Your quasi-religious beliefs have no impact in the actual scientific state-of-the-art. And that is "nobody knows". That you, like all religious morons, claim to have truth where the actual state of knowledge is uncertainty is no surprise though.
Re:Wrong, no deity necessary for this debate (Score:4, Interesting)
Just a logical/philosophical construct as to what is a "soul"
Yep. Originally the word "soul" meant simply "that which makes a thing move". It was used indistinctly by religious and non-religious thinkers alike.
For example, in Aristotle's classification, there are 3 causes of movements: biological growth, automatic reactions to stimuli, and rational deliberation. Each was called a "soul", namely, vegetative soul (plants, animals, and humans all have this one), sensitive soul (animals and humans have this one), and intellective soul (only humans have this one). And they are 100% inherent to a living body, not distinct or independent, so when a body dies so does its souls (plural).
The concept remains, as anyone dealing with plants, animals or people is well aware of these three aspects (plus many others). They just call them by different terms. But there's a reason the sciences that focus specifically on what makes humans tick (psychology, psychiatry, psychometry, etc.) all begin with psyche -- "soul" in Greek.
Re:Wrong, no deity necessary for this debate (Score:4, Informative)
Interesting but irrelevant. The usage here by a religious person is making a specific supernatural claim about something that cannot be shown to exist in anyway, but is simply assumed based on received doctrine.
Re:Wrong, no deity necessary for this debate (Score:5, Informative)
... so it must be based on some fantasy figure which also has no evidence to support it ...

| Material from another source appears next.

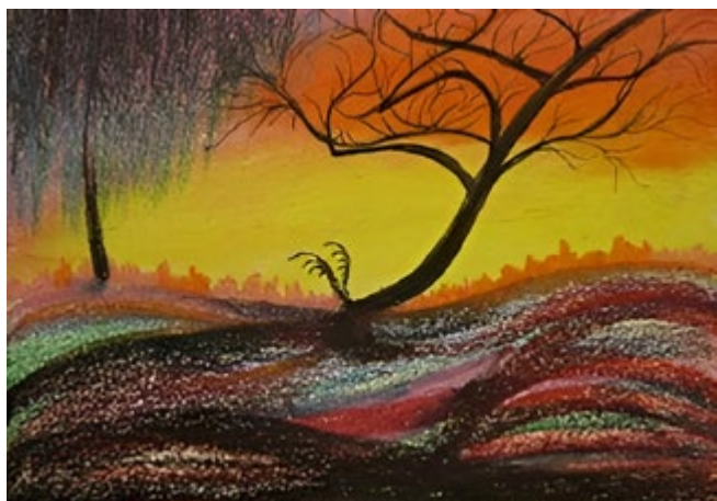
Kuva 7 Puu irtautumassa juuriltaan. Helsingin kaupunginmuseo, Nikkilän sairaalan kokoelma, NSM I121 - EiNo.

Eräessä Nikkilän kokoelman akvarellissa on asetettu rinnakkain kaksi puuta, joista toisella on suora ja vankka runko ja toinen on kitukasvuisempi, rungoltaan kiemuraisempi. Kiemurainen puu tuo asetelmaan ornamentaalisuutta. Valon siivilöityminen oksien välistä luo miltei monokromaattiseen teokseen vaikutelman merkityksellisyydestä ja herättää mielle yhtymiä identiteetin pohdinnasta vastakohtaisten puiden rinnastamisella. Toisessa teoksessa rankka sadekuuro taas erottaa kaksi mäntyä toisistaan. Kummassakin teoksessa puuhahmot muistuttavat symboliikkansa kautta jännitteisistä suhteista ihmisten välillä.

Wrong. Its a philosophical argument, involving only logic. No particular book, not particular denomination, no particular deity necessary. Just a logical/philosophical construct as to what is a "soul" and can it be recognized through an "enlightened" conversation.
Wrong. It is an appeal to a supernatural belief that cannot be supported genuine logic, nor has any evidence. To quote Lemoine:
Who am I to tell God where he can and can't put souls?
This assertion is a purely theological one, having nothing to do with logic.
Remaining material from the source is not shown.